[Work to be completed] Go through the records and restate them word for word, omitting images.

Records from a collection

══════

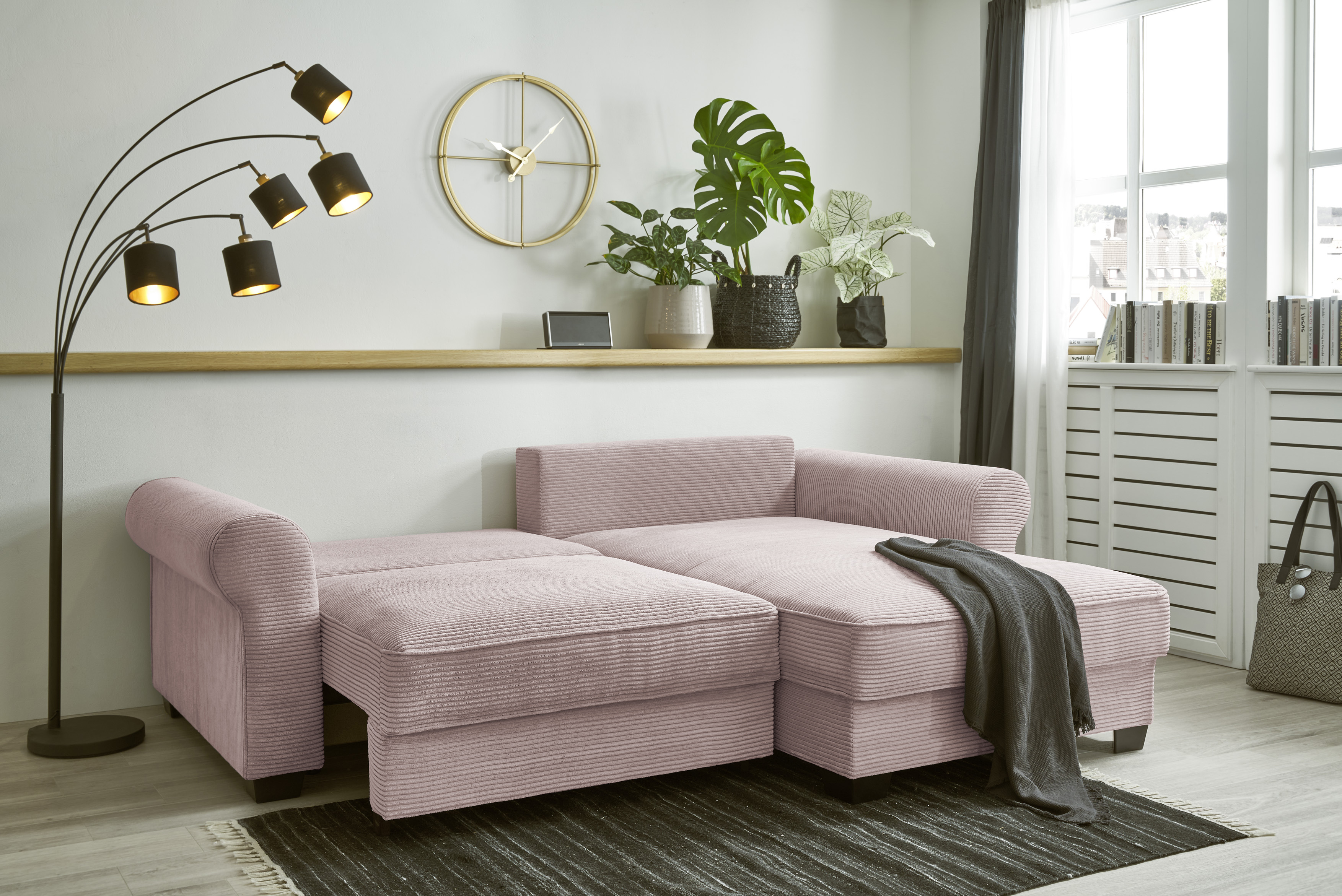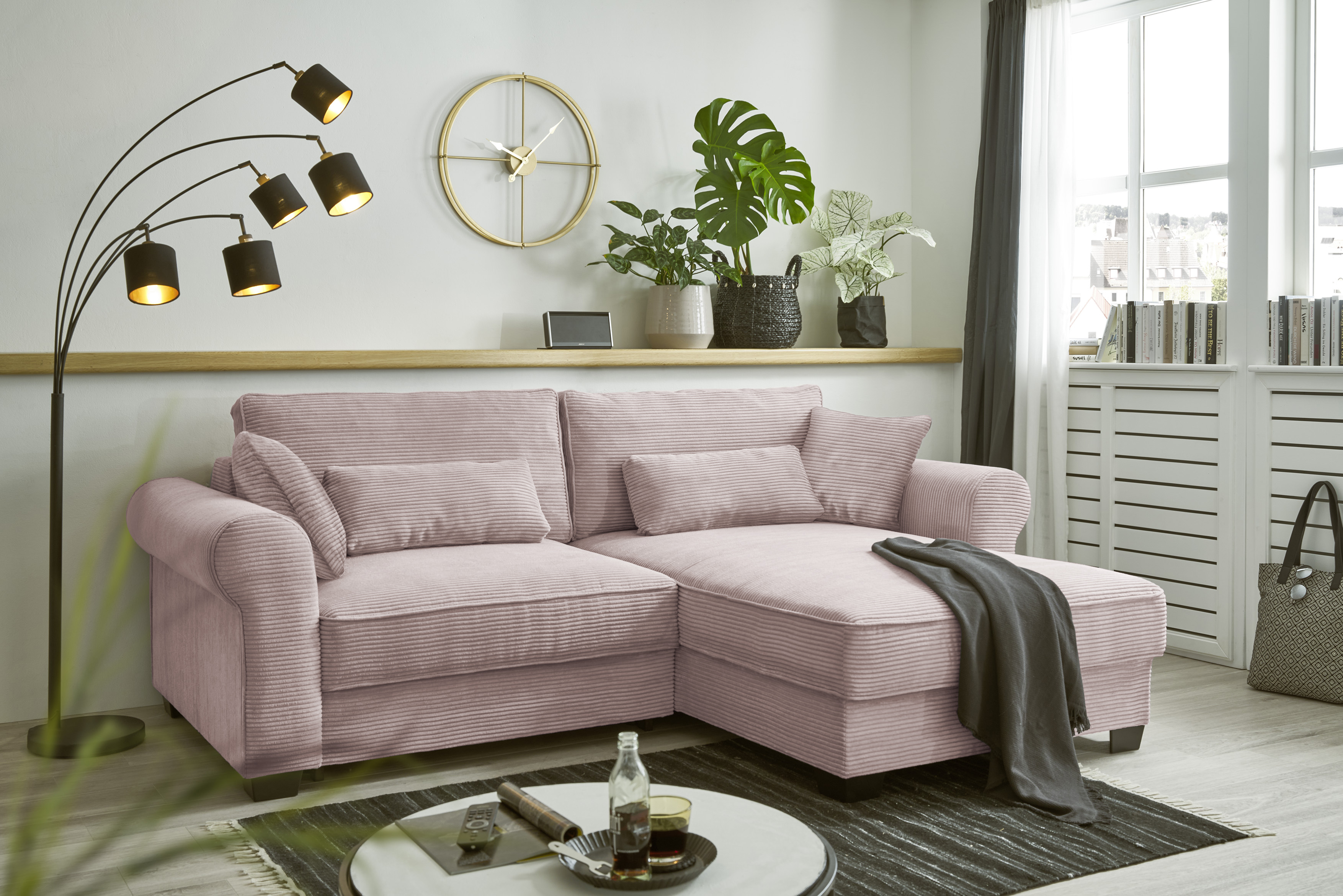 | Equipement canapés: | Dos habillé, Méridienne à droite ou à gauche, incl. coffre de lit, incl. coussins | ||
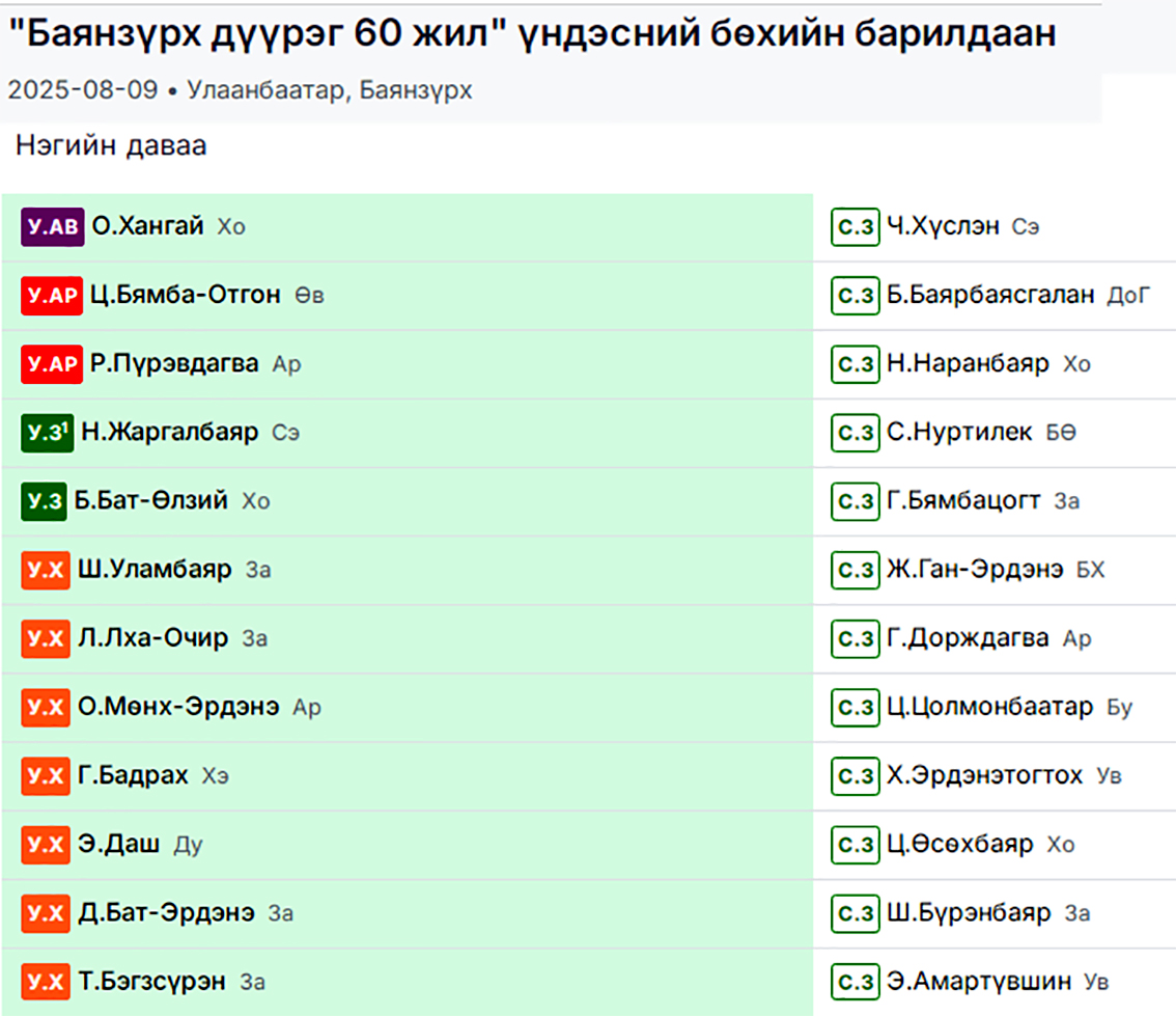 Ийнхүү хоёр ойд зэрэг барилдаж бөхчүүдээс хоёуланд нь зэрэг түрүүлчих ч боломж бий. Үүгээрээ энэ хоёр барилдаан онцгой сонирхол татаж байна. Гэхдээ О.Хангай аварга Баянзүрх дүүргийн ойн барилдааны дөрвийн даваанд аймгийн начин Б.Гончигсүрэнд унасан бол улсын арслан Ц.Бямба-Отгон мөн даваанд аймгийн арслан Д.Алтанцоожид өвдөг шороодлоо.
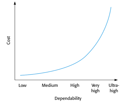- 더 높은 수준의 신뢰성을 달성하기 위해 필요한 더 비싼 개발 기술 및 하드웨어의 사용(The use of more expensive development techniques and hardware).
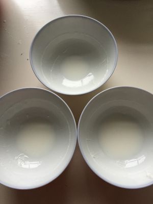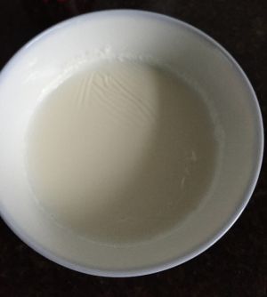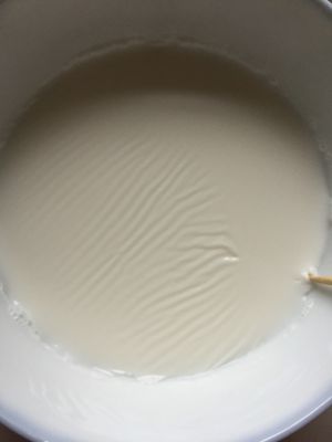 将碗中的牛奶倒入另一个容器中,碗底留一些牛奶,以防粘皮。(可以看到碗边缘粘的奶皮)接着将打散的蛋清倒入另一个容器的牛奶中,搅拌均匀。
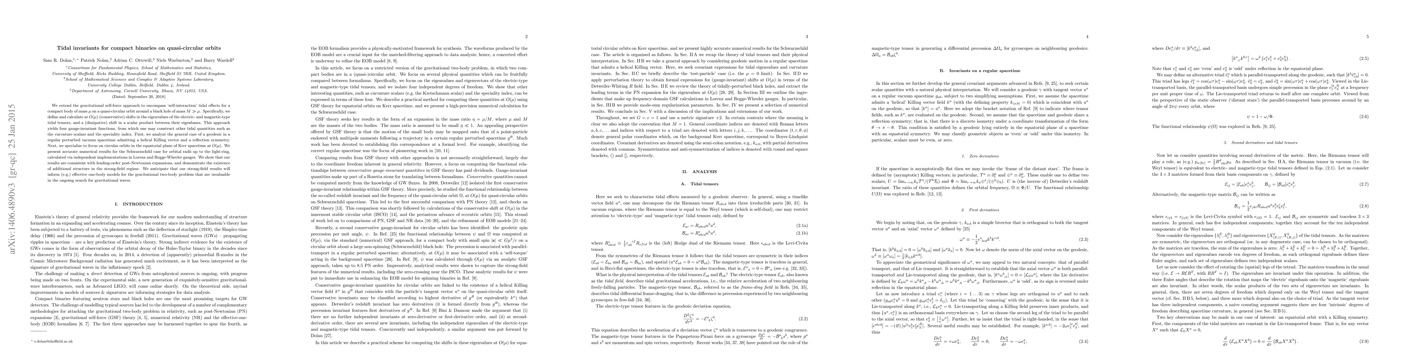 We extend the gravitational self-force approach to encompass `self-interaction' tidal effects for a compact body of mass $\mu$ on a quasi-circular orbit around a black hole of mass $M \gg \mu$. Specifically, we define and calculate at $O(\mu)$ (conservative) shifts in the eigenvalues of the electric- and magnetic-type tidal tensors, and a (dissipative) shift in a scalar product between their eigenbases. This approach yields four gauge-invariant functions, from which one may construct other tidal quantities such as the curvature scalars and the speciality index. First, we analyze the general case of a geodesic in a regular perturbed vacuum spacetime admitting a helical Killing vector and a reflection symmetry. Next, we specialize to focus on circular orbits in the equatorial plane of Kerr spacetime at $O(\mu)$. We present accurate numerical results for the Schwarzschild case for orbital radii up to the light-ring, calculated via independent implementations in Lorenz and Regge-Wheeler gauges. We show that our results are consistent with leading-order post-Newtonian expansions, and demonstrate the existence of additional structure in the strong-field regime. We anticipate that our strong-field results will inform (e.g.) effective one-body models for the gravitational two-body problem that are invaluable in the ongoing search for gravitational waves.

══════

[Answer box]
 | Equipement canapés: | Dos habillé, Méridienne à droite ou à gauche, incl. coffre de lit, incl. coussins | ||
 Ийнхүү хоёр ойд зэрэг барилдаж бөхчүүдээс хоёуланд нь зэрэг түрүүлчих ч боломж бий. Үүгээрээ энэ хоёр барилдаан онцгой сонирхол татаж байна. Гэхдээ О.Хангай аварга Баянзүрх дүүргийн ойн барилдааны дөрвийн даваанд аймгийн начин Б.Гончигсүрэнд унасан бол улсын арслан Ц.Бямба-Отгон мөн даваанд аймгийн арслан Д.Алтанцоожид өвдөг шороодлоо.
- 더 높은 수준의 신뢰성을 달성하기 위해 필요한 더 비싼 개발 기술 및 하드웨어의 사용(The use of more expensive development techniques and hardware).
 将碗中的牛奶倒入另一个容器中,碗底留一些牛奶,以防粘皮。(可以看到碗边缘粘的奶皮)接着将打散的蛋清倒入另一个容器的牛奶中,搅拌均匀。
 We extend the gravitational self-force approach to encompass `self-interaction' tidal effects for a compact body of mass $\mu$ on a quasi-circular orbit around a black hole of mass $M \gg \mu$. Specifically, we define and calculate at $O(\mu)$ (conservative) shifts in the eigenvalues of the electric- and magnetic-type tidal tensors, and a (dissipative) shift in a scalar product between their eigenbases. This approach yields four gauge-invariant functions, from which one may construct other tidal quantities such as the curvature scalars and the speciality index. First, we analyze the general case of a geodesic in a regular perturbed vacuum spacetime admitting a helical Killing vector and a reflection symmetry. Next, we specialize to focus on circular orbits in the equatorial plane of Kerr spacetime at $O(\mu)$. We present accurate numerical results for the Schwarzschild case for orbital radii up to the light-ring, calculated via independent implementations in Lorenz and Regge-Wheeler gauges. We show that our results are consistent with leading-order post-Newtonian expansions, and demonstrate the existence of additional structure in the strong-field regime. We anticipate that our strong-field results will inform (e.g.) effective one-body models for the gravitational two-body problem that are invaluable in the ongoing search for gravitational waves.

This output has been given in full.